2.15. HS-SPME-GC–MS Sample Extraction
Solid-state fermentation: Dried honeysuckle was ground and passed through a 40-mesh sieve. The honeysuckle powder was mixed with distilled water at a solid-to-liquid ratio of 1:1 (g:mL) in a 250 mL conical flask and soaked at room temperature for 2 h. The mixture was then sterilized at 121 °C for 20 min to obtain the solid honeysuckle culture medium. M. purpureus spores (1 × 10^6^) were inoculated into the medium and statically cultured at a constant temperature of 30 °C for 15 days [26].
Take 1–2 g of the solid-state fermentation sample and add an appropriate amount of ultrapure water to prepare a homogenate. Transfer the sample into a headspace solid-phase microextraction (HS-SPME) vial, followed by the addition of 1 g of NaCl and 10 μL (50 μg/mL) 2-octanol (internal standard solution). The mixture was equilibrated at 40 °C with agitation for 20 min using the GC-MS heating module. Volatile compounds were then extracted using an SPME fiber for 30 min, followed by thermal desorption for 5 min.
2.16. GC–MS Conditions
An HP-5MS UI capillary column was used. The temperature program was set as follows: initial hold at 40 °C for 3 min; increase to 120 °C at 5 °C/min and hold for 3 min; ramp to 230 °C at 20 °C/min and hold for 5 min; finally, increase to 250 °C at 8 °C/min and hold for 5 min. The inlet temperature was set at 250 °C, with helium (He) as the carrier gas at a flow rate of 1.0 mL/min in splitless mode. The solvent delay was set to 1 min.
Electron impact (EI) ionization was used with an electron energy of 70 eV. The transfer line and ion source temperatures were both set at 230 °C, and the quadrupole temperature at 150 °C. Mass spectra were acquired over a scan range of 35–500 m/z.
2.17. Data Processing
All experiments were performed in triplicate (n = 3), and data are presented as mean ± standard deviation (SD). Statistical analysis was conducted using SPSS Statistics 27.0. One-way analysis of variance (ANOVA) was employed to assess the significance of differences among treatment groups. Significance levels are denoted in the figures as follows: * p < 0.05, ** p < 0.01, or with different lowercase letters (e.g., a, b, c). Principal component analysis (PCA) and orthogonal partial least squares discriminant analysis (OPLS-DA) were performed using SIMCA14.1.
3. Results and Discussion
3.1. Single-Factor Optimization of Adding Honeysuckle to M. purpureus Cultures
The addition of certain exogenous substances is closely associated with the growth of microorganisms [27]. Therefore, honeysuckle underwent systematic pretreatment to prepare two forms of additives for fermentation: juice and powder. Thallus biomass and MK production were used as indicators to evaluate the effects of different forms and addition levels of honeysuckle on M. purpureus growth and secondary metabolism. It was observed that there were significant differences in the effects between honeysuckle juice and powder: the promotion of biomass by juice was not completely positively correlated with its addition amount, and inhibitory effects were exhibited at higher concentrations. In contrast, honeysuckle powder consistently promoted thallus growth and significantly increased MK yield.

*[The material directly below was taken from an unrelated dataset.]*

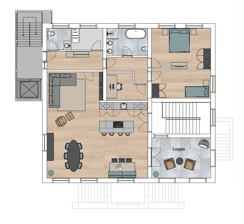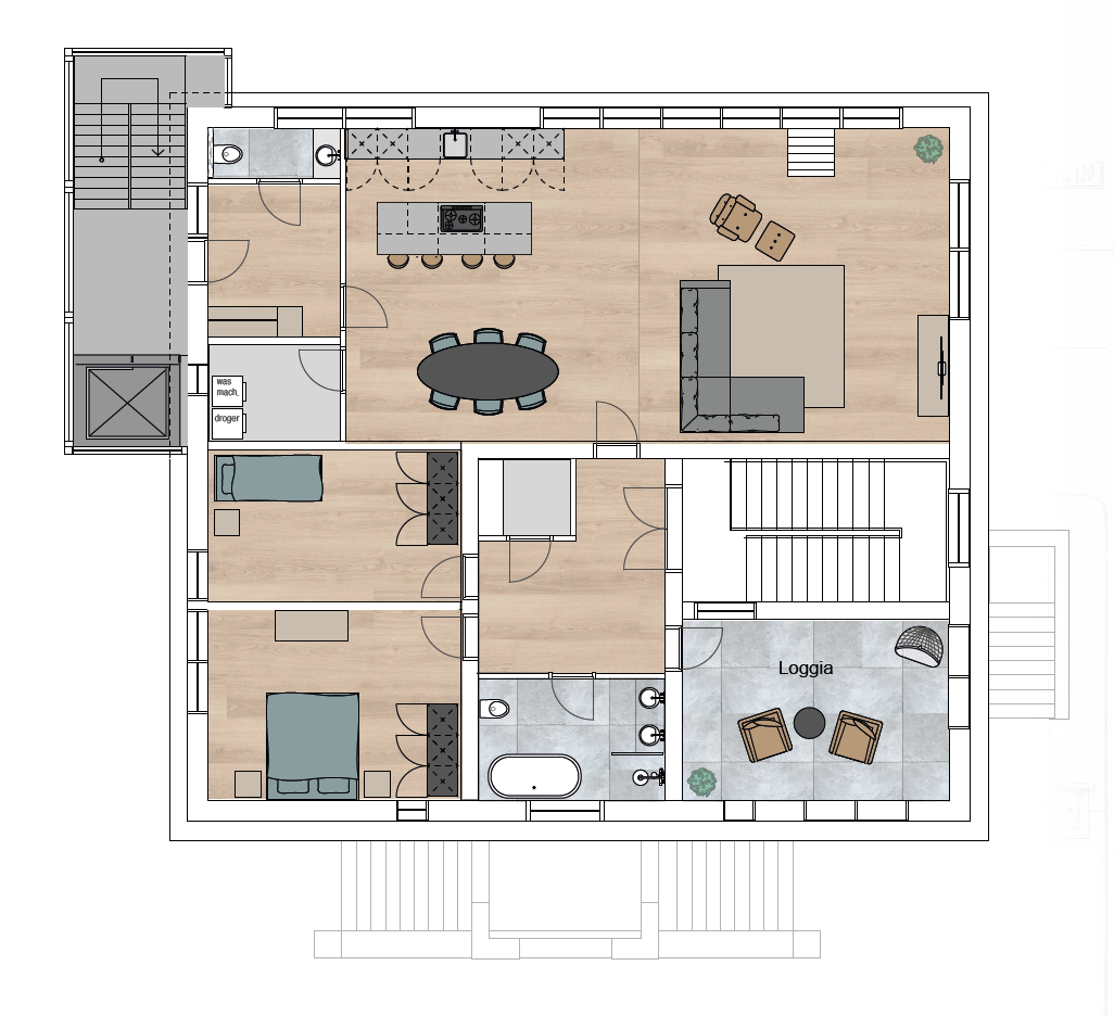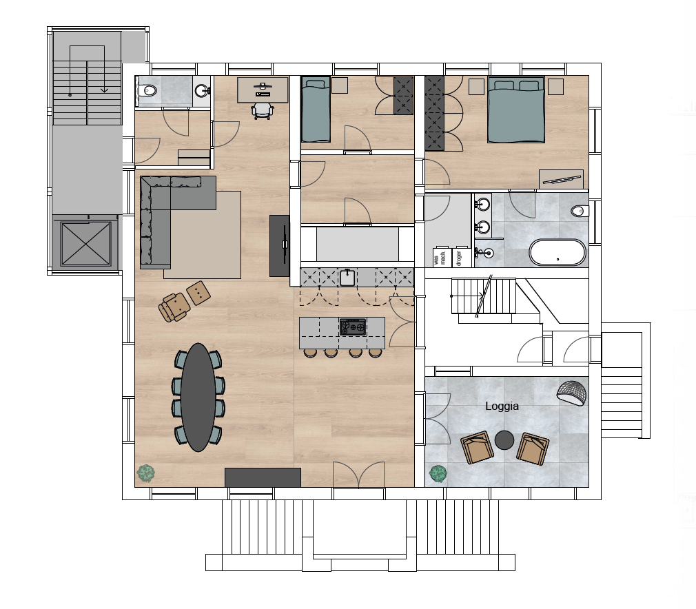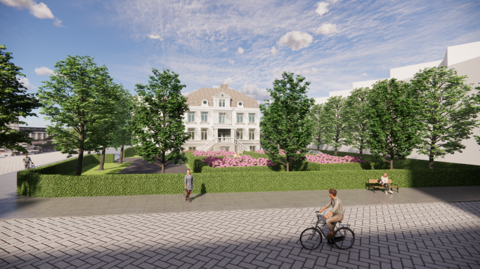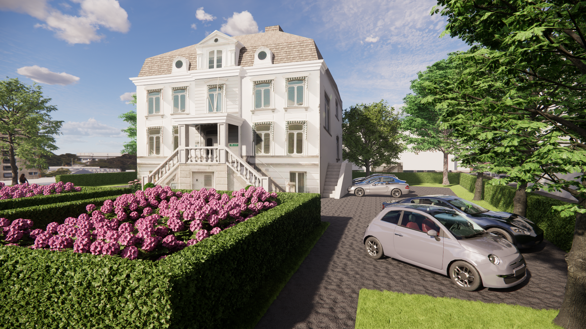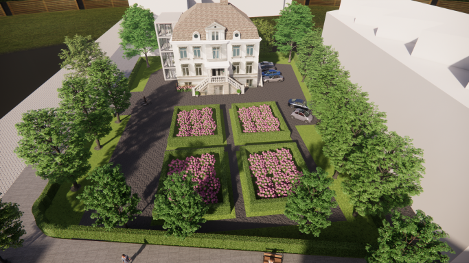 De monumentale villa, omringd door een uitgebreide tuin en voorzien van parkeerplekken, ondergaat een indrukwekkende transformatie naar luxe appartementen met loggia. Een opvallend kenmerk van deze ontwikkeling is de uitbreiding van het gebouw met een elegante glazen trappenhal aan de zijkant van de villa. Deze moderne toevoeging zal niet alleen de toegankelijkheid verbeteren, maar ook een prachtig contrast vormen met de historische architectuur van de villa, waardoor de charme van het verleden wordt gecombineerd met hedendaagse voorzieningen.

As shown in Figure 1, the thallus biomass showed an upward trend with increasing amounts of honeysuckle powder. The highest level (1.0 g) exhibited the most pronounced biomass-promoting effect, reaching a maximum of 39.42 mg/L; this was 1.29 times higher than that of the control (CK) group. The observed increase in biomass and thallus density might have influenced the oxygen transfer dynamics within the limited fermentation space, which could be a contributing factor to the altered metabolite profile. Therefore, the amount of honeysuckle added was not absolutely correlated with secondary metabolite production. The addition of 0.8 g of honeysuckle powder had the strongest promoting effect on MK synthesis at each time point. On the 15th d of fermentation, the yield reached 536.10 mg/L, which was nearly 1.54 times higher than that of the CK group (p < 0.05). Therefore, based on the changes in MK concentration and thallus growth, 0.8 g of honeysuckle powder was used in all subsequent experiments.

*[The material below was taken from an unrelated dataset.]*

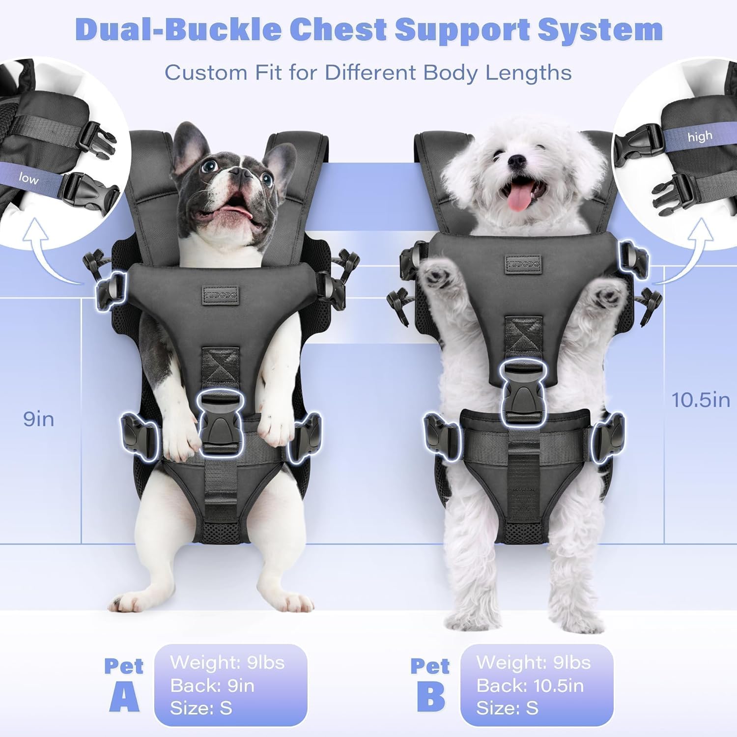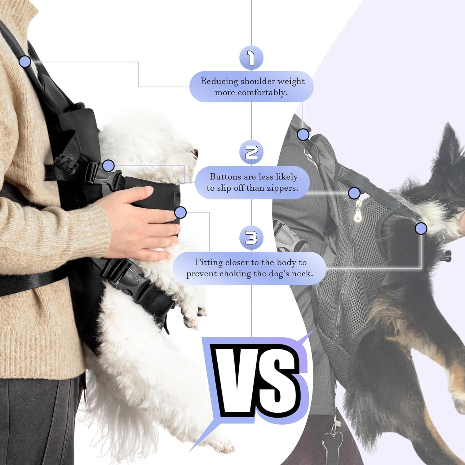 Customers find the pet carrier backpack to be of high quality, sturdy, and easy to use, with one customer noting it keeps hands free for bigger dogs. The comfort and size receive mixed feedback, with some finding it comfortable while others say it's uncomfortable, and while some say it fits well, others find it too small. The straps receive negative feedback, with customers saying the back straps are worthless. Customers appreciate the safety features, and one customer mentions the back strap provides support to offload the shoulders.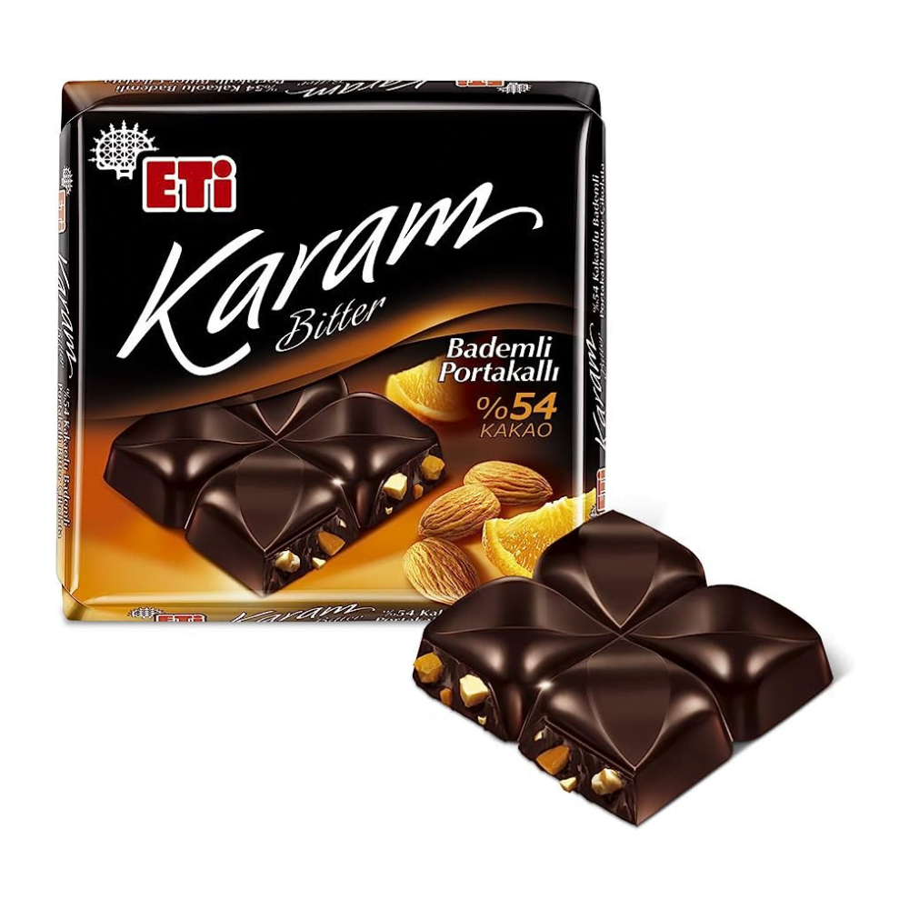 - لوح شوكولاتة داكنة من ايتي بنسبة 54% باللوز و البرتقال

3.2. Effects of Honeysuckle on the Growth of M. purpureus
Based on the optimized conditions for adding honeysuckle, samples were collected at different time points of fermentation to measure growth indicators. The addition of honeysuckle increased the total sugar concentration in the fermentation broth, thereby providing a carbon source for M. purpureus (Figure 2C). Although the residual sugar content in the fermentation broth of the honeysuckle–M. purpureus co-fermentation (HS-MC) group was relatively high, sugar consumption increased by 38% compared to that of the M. purpureus control (MC) group during the early growth stage (p < 0.05). Following the addition of honeysuckle to the M. purpureus culture, the material utilization rate greatly improved, thallus growth rate accelerated; on the 5th d of fermentation, biomass increased 1.07 times higher than that of the MC group, accompanied by a notable increase in thallus density. The HS-MC group also exhibited improved growth throughout the entire fermentation cycle; even in the late stages of fermentation, compared to the MC group, biomass was increased by 85% (p < 0.01) (Figure 2A).

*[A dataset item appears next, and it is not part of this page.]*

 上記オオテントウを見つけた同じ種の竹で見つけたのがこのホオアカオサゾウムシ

Honeysuckle contains nutrients such as proteins, fat, and vitamins, as well as various amino acids, including aspartic acid, lysine, glutamic acid, and leucine, promoting thallus growth and metabolism [28]. Notably, honeysuckle provides nitrogen for M. purpureus. M. purpureus also utilizes the energy-rich metabolites of honeysuckle, thereby accelerating metabolism in the thallus body. The promotion of primary metabolites, such as amylase, consistently increased the protein concentration in the fermentation broth compared to that in normal culture medium. The protein concentration of the HS-MC group reached 3.93 mg/mL on the 12th d of fermentation, showing increases of 59.1% and 51.1% compared with that of the MC and CK groups, respectively (p < 0.05) (Figure 2D). In the later stages of thallus fermentation, secondary metabolism is primarily used, and proteins are mostly used for thallus growth and secondary metabolite synthesis; therefore, a downward trend was observed. As fermentation progressed, the pH value of the HS-MC and MC groups gradually decreased, with the HS-MC group exhibiting a more apparent decrease (Figure 2B). Additionally, chlorogenic and caffeic acids, which are abundant in honeysuckle, created a lower pH fermentation environment for M. purpureus, which promoted M. purpureus growth and secondary metabolite synthesis [29,30].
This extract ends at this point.